Whenever folks talk about lawfare and the weaponization of the criminal justice system, I think of a young Latino man in the congregation I served in Boston many years ago. He was arrested when he was 17. He did not know his father and his mother had recently died; his church family was all he had. So I met with his court-appointed lawyer and showed up when he had court dates. It was an education.
Before my friend was arrested, he was living in a foster care group home. His charges related to an attempted robbery, a stunt related to a gang initiation. He was looking for community, for belonging, for identity. No one was hurt in his crime, but it wasn’t cute.
On the day of his first appearance I sat in the gallery with his lawyer. We waited and waited while case after case was called. Young white men, students of Boston College and Boston University, walked up from the gallery when their names were called with their private attorneys. The charges were read: possession of a narcotic, possession with intent to distribute, vehicular manslaughter. These charges were not cute.
We sat there as the young men’s names were called. They rose from their seats in the gallery, they walked to the front in their suits and ties, they said, “yes, your honor” and “no, your honor” and they were dismissed back to their classes, back to their lives to await their next court dates.
And the court started bringing men in from the back. These men wore orange prison jumpsuits. These men walked in handcuffed and shackled. These men were served by court-appointed attorneys. These men were Black. These men were Latino. There were some drug charges. There were shoplifting charges. One man was walked in by bailiffs, in chains, and the charge against him was shoplifting two packs of diapers from a CVS. I looked at my friend’s attorney because I thought I misheard. I asked him if that man was in jail and going back to jail for stealing diapers. The lawyer said, “Of course.”
These young, white college boys were moving through the process while charged with much more serious crimes without spending a day in jail. But the Black men and the people of color were moving through the same process, sometimes on much lesser charges, in jail.
Our system says everyone is innocent until proven guilty. For some people that looks like navigating a multi-year process while carrying on with school and job and life. For other people, innocent until proven guilty looks like serving your sentence before you even go to trial. It looks like losing your job, your housing and sometimes even your children.
A cash bail system that keeps some people incarcerated awaiting trial and allows others to go free solely because they have more access to money and social capital is lawfare. If you sit and watch a day in a court you’ll see the difference runs right down the color line. We have two criminal justice systems in this country. As Bryan Stevenson says, you get better outcomes in America if you are rich and guilty than if you are poor and innocent. White people and Black people commit crimes at the same rate, but they are incarcerated at wildly different rates. As a person of faith, I think that makes Jesus weep and the devil dance.

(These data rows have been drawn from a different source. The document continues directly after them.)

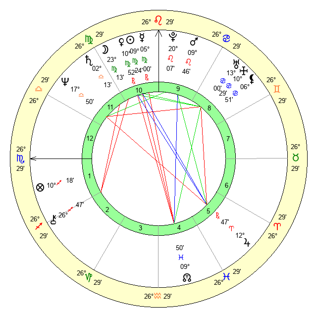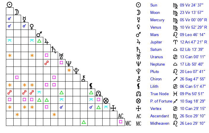 | Venus | 10 Virgo 52 | 9 Leo 36 | 5 Libra 54 |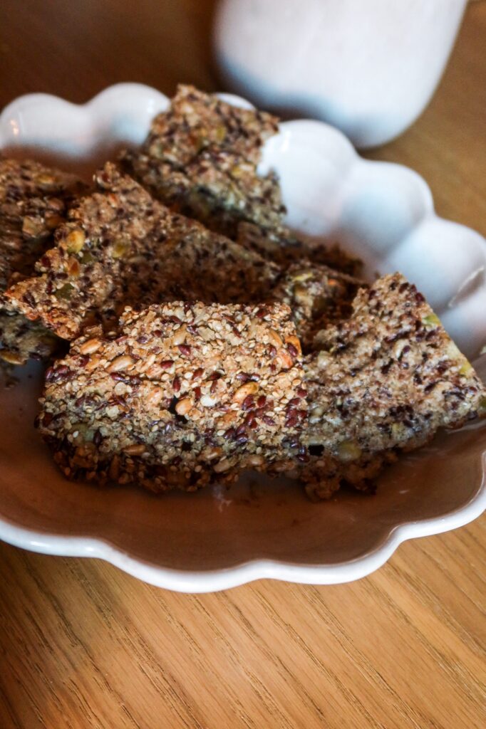 När den stått klart i kylen (minst 4 timmar) så plattar du ut den på 3 bakplåtar. Sedan är det bara att grädda. Detta blir så smaskigt och är mina absoluta favorit när det kommer till fröknäcke just nu.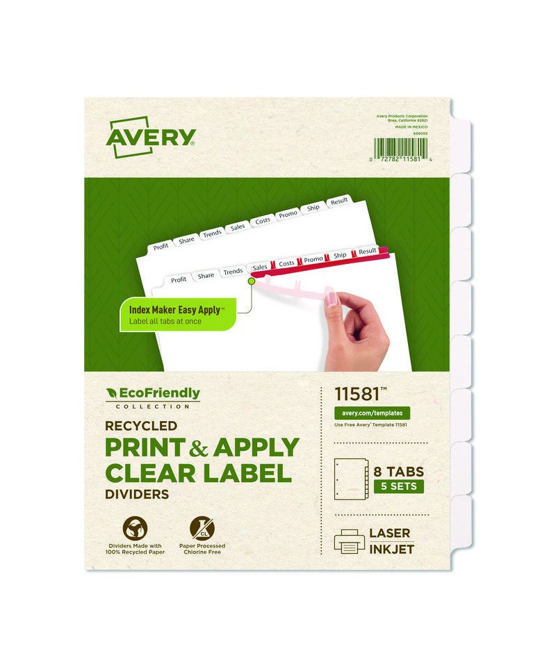 Dividers are made of post-consumer recycled materials and are processed chlorine-free. Clear labels virtually disappear when applied to tabs. Label all tabs at once using the Index Maker® Easy Apply label strip. Easy to customize with free templates from Avery Design & Print. For laser and inkjet printers.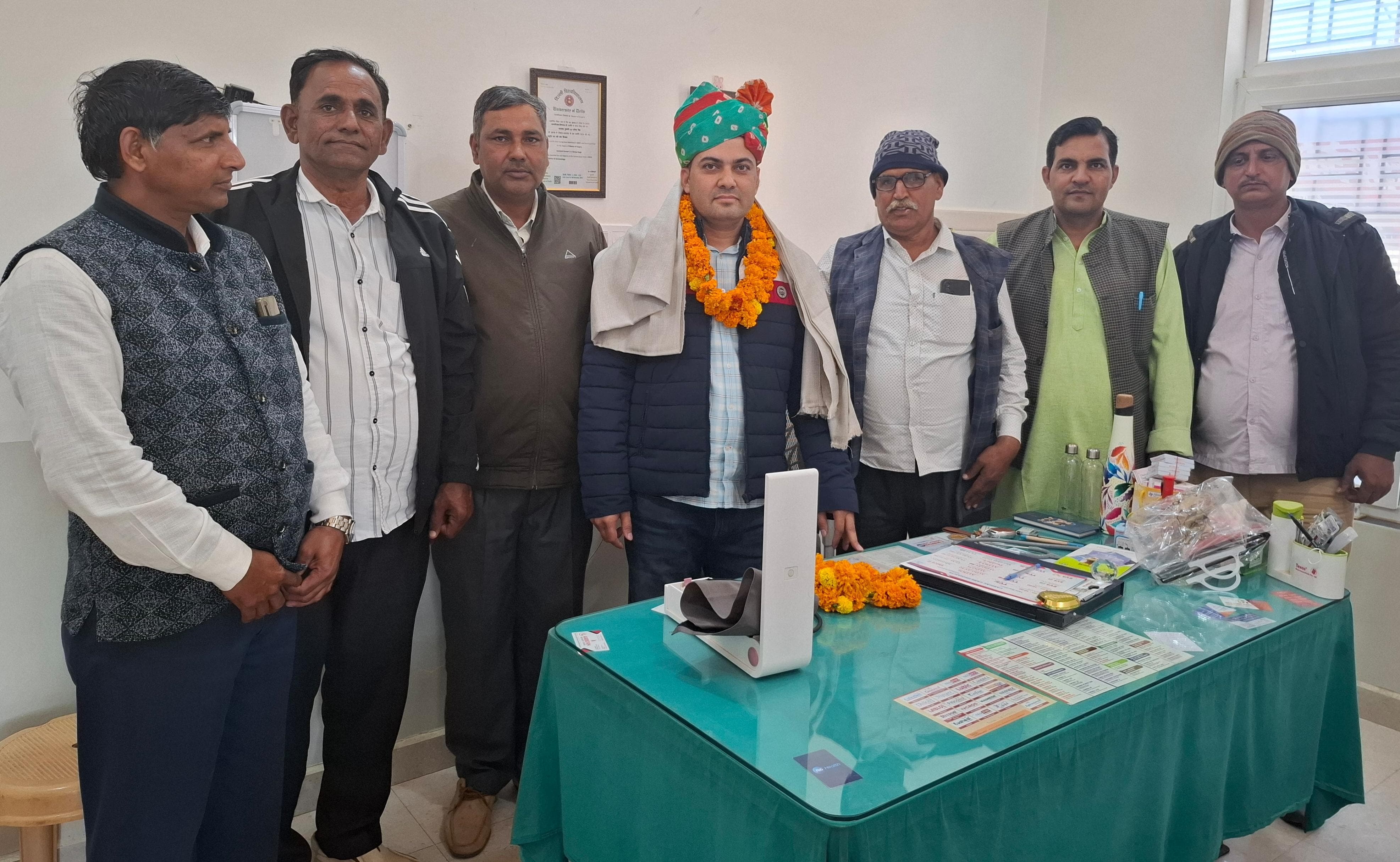तेजाजी मन्दिर में 51 हजार रुपये नकद व निर्माण सामग्री देने की घोषणा करने पर डॉ. राकेश रेप्सवाल का स्वागत किया

If we want to compensate victims of lawfare, let’s start there.
In his first sermon, Jesus announced that he was inaugurating the Kingdom of God, and it was good news for the poor and oppressed and release for the prisoners. I think Christians have gotten really comfortable with that being a metaphor, but I think Jesus actually meant it.
The young man who was so precious to so many of us died a few years ago. He fought the good fight, but his addiction eventually overcame him. He had many traumas to carry in his life, but the time he spent in jail so soon after the loss of his mother — it didn’t rehabilitate him. He got out of prison and worked hard to build his life from the ground up. He always had a church family who loved him, and he always had systems working to swallow him whole. He was a bright light. I miss him.
I know if he had been a young white man attending Boston College, he never would have spent a night in jail.
Kate Murphy is pastor at The Grove Presbyterian Church in Charlotte.